El primer indicio lo tuve una mañana en que soplaba fuerte el viento del norte; fui a comprar el pan y la leche antes de que se helara el suelo. De regreso a casa me recibiste con una sonrisa pasmada, aplaudiendo brevemente: «¡Te informo de una novedad, tenemos extraterrestres en la cocina!»

«¿Pero qué dices?»

No sabía si reír o enfadarme.

«¿No me crees? Ven a ver, no estoy bromeando.»

Inspeccionamos la cocina de arriba abajo, abrías los cajones, el horno, La nevera, cada vez más excitada.

«Sin embargo estaban aquí hace un momento», repetías. «Te digo que estaban aquí, ahora pensarás que te he tomado el pelo.»

Te miraba perpleja.

«¿Es un juego?»

Parecías casi ofendida.

«Eran siete u ocho. Han aparecido entre los hornillos en cuanto he encendido el gas, cuando lo he apagado se han pasado al fregadero.»

«¿Y qué hacían?»

«Bailaban. No oía ninguna música, pero estoy segura de que bailaban.»

«Quizá se han marchado por las tuberías.»
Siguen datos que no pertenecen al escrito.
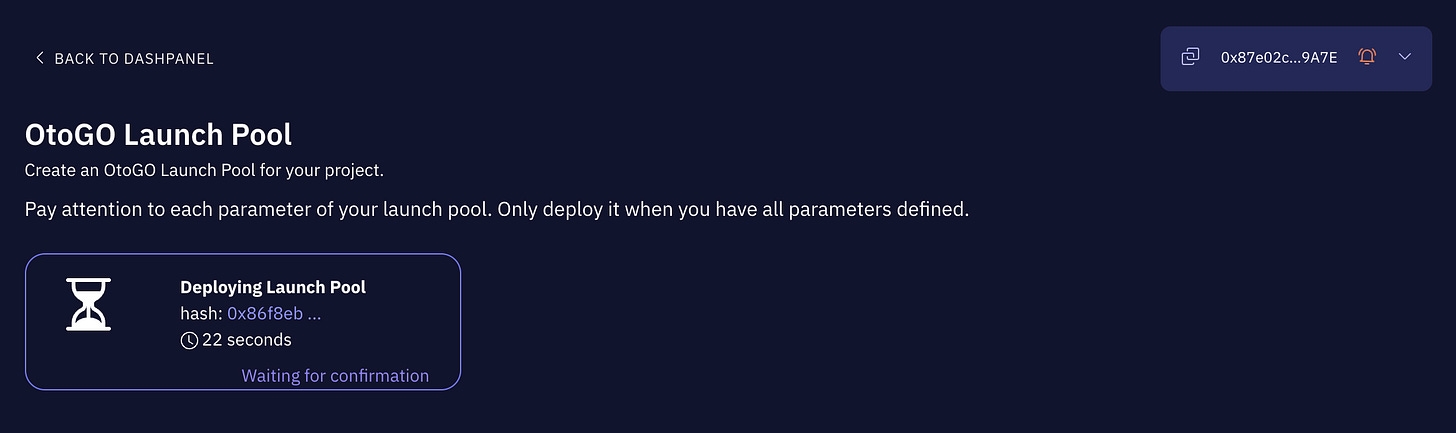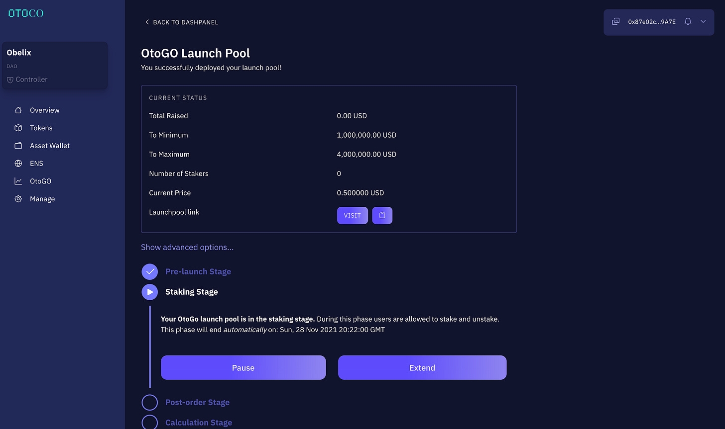 Once the above transaction confirms, you will be able to manage your launchpool’s lifecycle.

«¿Por las tuberías? Sí, puede ser, tal vez entran y salen por los grifos.»

Desde ese día, además de nosotras dos la casa empezó a estar habitada por extraterrestres. Te expliqué inútilmente que bajaban de los discos volantes, que sólo los veían los científicos de la NASA o quien había empinado demasiado el codo, era realmente imposible que bailaran en la cocina de una casa: si hubieran aterrizado en el jardín se habrían dado cuenta todos los vecinos y los árboles se habrían incendiado.

Me escuchabas tranquila pero por tu mirada comprendí que no abandonabas tu idea.

«Más que extraterrestres me parece que son dibbuk», te sugerí un día. Levantaste los hombros con impaciencia como diciendo llámales como quieras.

Según tu descripción eran verdes, del mismo color claro de los guisantes frescos, y también su consistencia era similar a esa leguminosa; en cambio los brazos y las piernas recordaban los de la salamanquesa, pero en posición erecta. La cola era corta y pelada, y en lugar de la boca y la nariz tenían una larga trompa con la que hablaban, comían y respiraban. Aparecían y desaparecían en los momentos más inesperados, bajaban por la chimenea, nadaban en la bañera y con sus manitas pegajosas nos saludaban desde el ojo de buey de la lavadora. A veces te parecía que volaban o trepaban por las cortinas como pequeños marsupiales. Ahora ya no se conformaban con bailar, se reían. «¡Se ríen de mí!», decías con rabia, cruzando la casa con el pelo suelto.